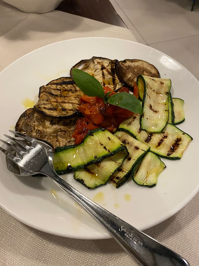 Cappello ripieno di melanzane e provola su crema di zucchine con stracciatella e mandorle tostate
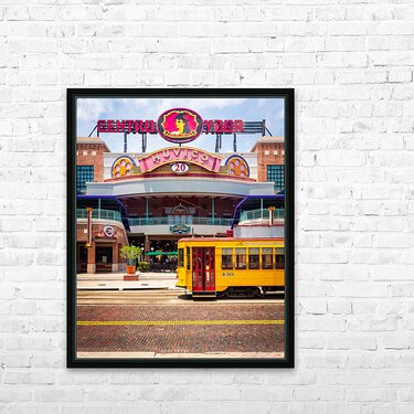 Cinema and old tram streetcar in Ybor City an old historic district in Tampa Florida
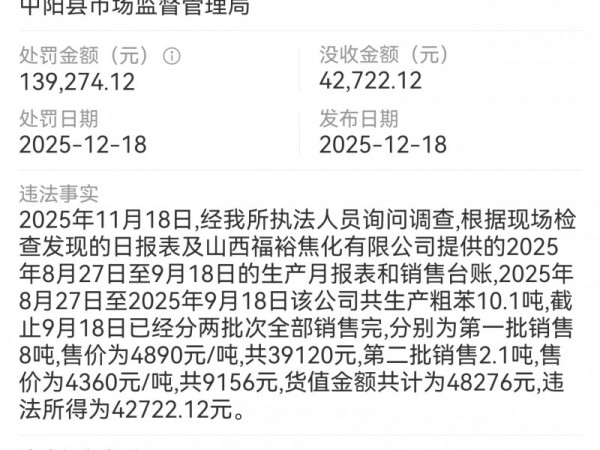 山西福裕焦化被处罚13.9万多 公司员工近800人
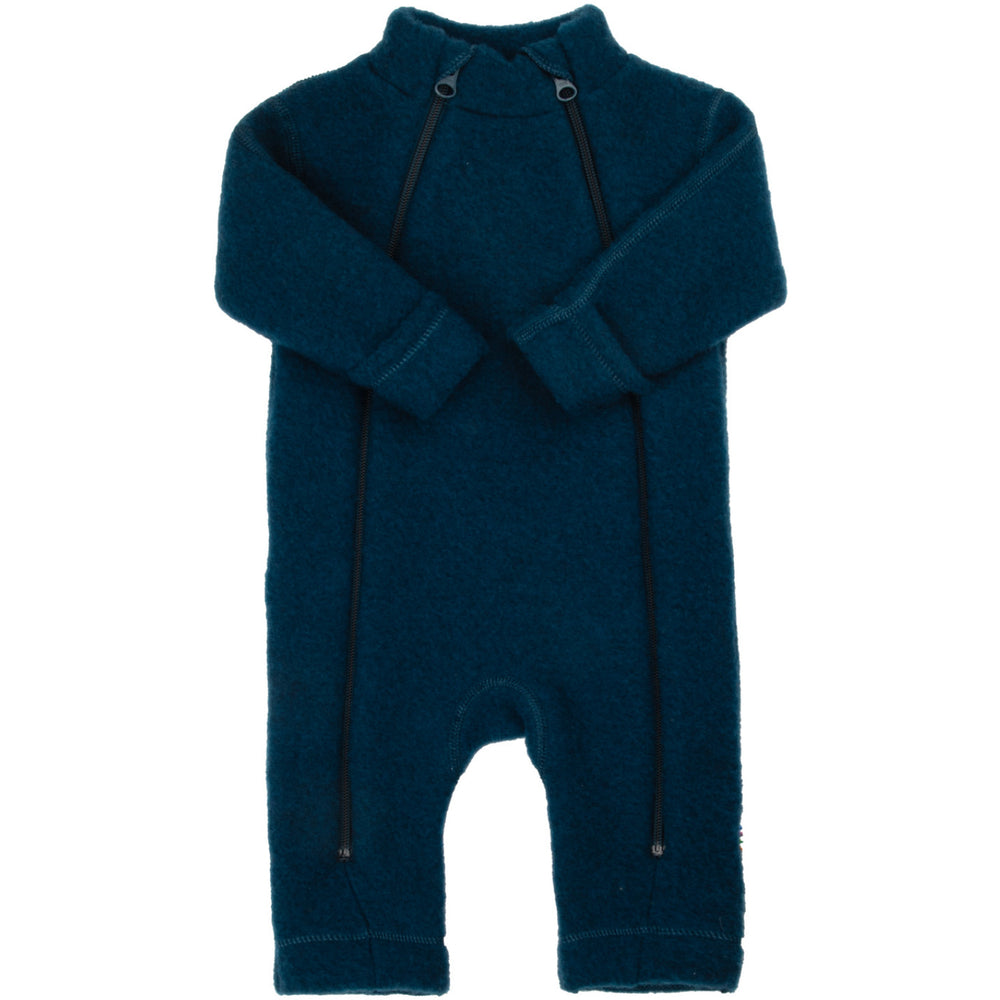 Dress your little one in the Joha Dark Turquoise Onesie, featuring a versatile 2-in-1 design with foldable hands and feet for easy adjustments. Crafted from Oeko-tex 100 certified pure merino wool, this onesie is exceptionally soft and stretchy, ensuring comfort and durability. The double zipper front simplifies dressing, while the sleek, plain design in a vibrant dark turquoise enhances style. Ideal for cozy pram rides or car travels, it combines practicality with snug warmth and fashionable flair.
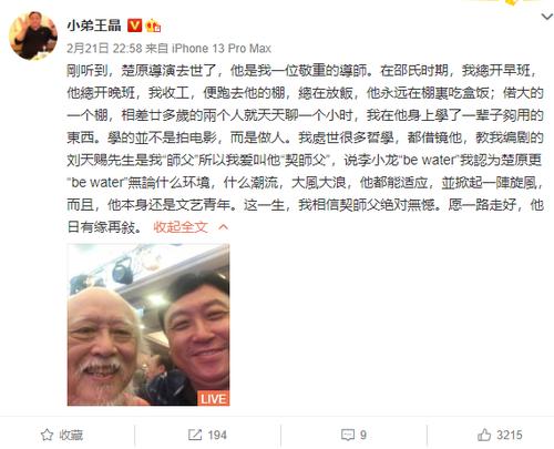 香港导演王晶得悉楚原离世的消息,在微博发文悼念:“楚原导演去世了,他是我一位敬重的导师。”
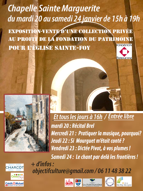 Objectif-Culture à Sainte-Foy organise pour la Fondation du patrimoine une exposition-vente à la chapelle Sainte-Marguerite tous les après-midis du 20 au 24 janvier de 15h à 19h, au profit de la restauration de l’église Sainte-Foy.
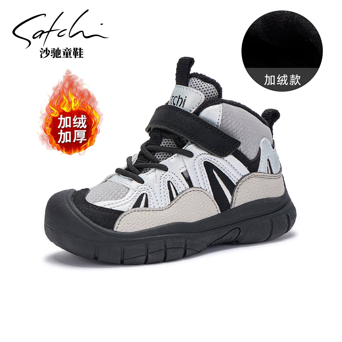 沙驰童鞋儿童棉鞋冬季加绒二棉高帮女童运动鞋保暖男童
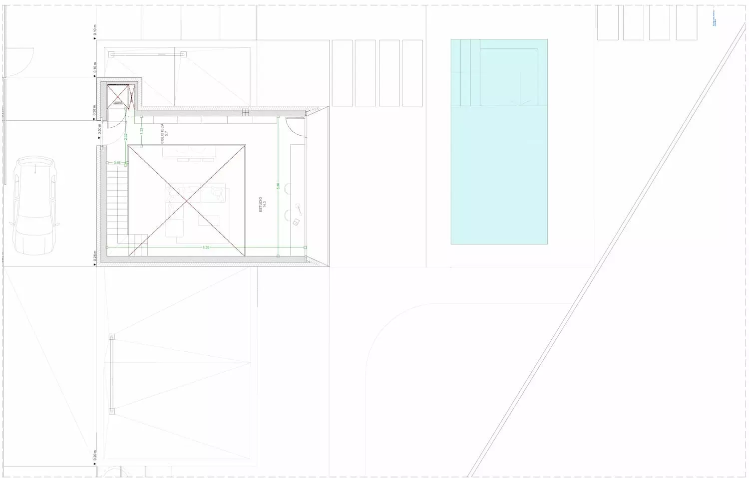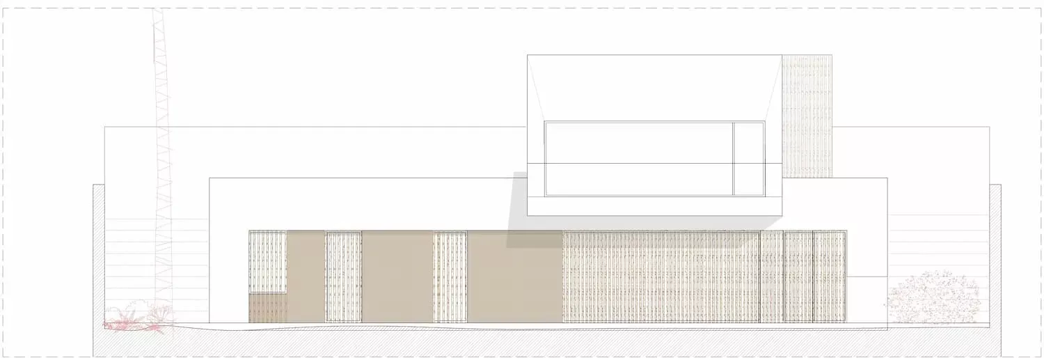 A la altura de la cota del viario, se desarrollaba la zona de aparcamiento y se sitúa la entrada de la vivienda, volcada a doble altura sobre la zona de día y que da acceso a un mirador que ofrece vistas del paisaje que ofrece la zona y donde se ubica la zona de estudio. Como gran parte de la cubierta de la vivienda se sitúa en este nivel, se aprovechó su extensión para desarrollar un huerto que diera servicio a la vivienda.

TASK STATEMENT
Would you please write out the entries in full, exactly as they read, but without pictures?

RESPONSE AREA
 Cappello ripieno di melanzane e provola su crema di zucchine con stracciatella e mandorle tostate
 Cinema and old tram streetcar in Ybor City an old historic district in Tampa Florida
 山西福裕焦化被处罚13.9万多 公司员工近800人
 Dress your little one in the Joha Dark Turquoise Onesie, featuring a versatile 2-in-1 design with foldable hands and feet for easy adjustments. Crafted from Oeko-tex 100 certified pure merino wool, this onesie is exceptionally soft and stretchy, ensuring comfort and durability. The double zipper front simplifies dressing, while the sleek, plain design in a vibrant dark turquoise enhances style. Ideal for cozy pram rides or car travels, it combines practicality with snug warmth and fashionable flair.
 香港导演王晶得悉楚原离世的消息,在微博发文悼念:“楚原导演去世了,他是我一位敬重的导师。”
 Objectif-Culture à Sainte-Foy organise pour la Fondation du patrimoine une exposition-vente à la chapelle Sainte-Marguerite tous les après-midis du 20 au 24 janvier de 15h à 19h, au profit de la restauration de l’église Sainte-Foy.
 沙驰童鞋儿童棉鞋冬季加绒二棉高帮女童运动鞋保暖男童
 A la altura de la cota del viario, se desarrollaba la zona de aparcamiento y se sitúa la entrada de la vivienda, volcada a doble altura sobre la zona de día y que da acceso a un mirador que ofrece vistas del paisaje que ofrece la zona y donde se ubica la zona de estudio. Como gran parte de la cubierta de la vivienda se sitúa en este nivel, se aprovechó su extensión para desarrollar un huerto que diera servicio a la vivienda.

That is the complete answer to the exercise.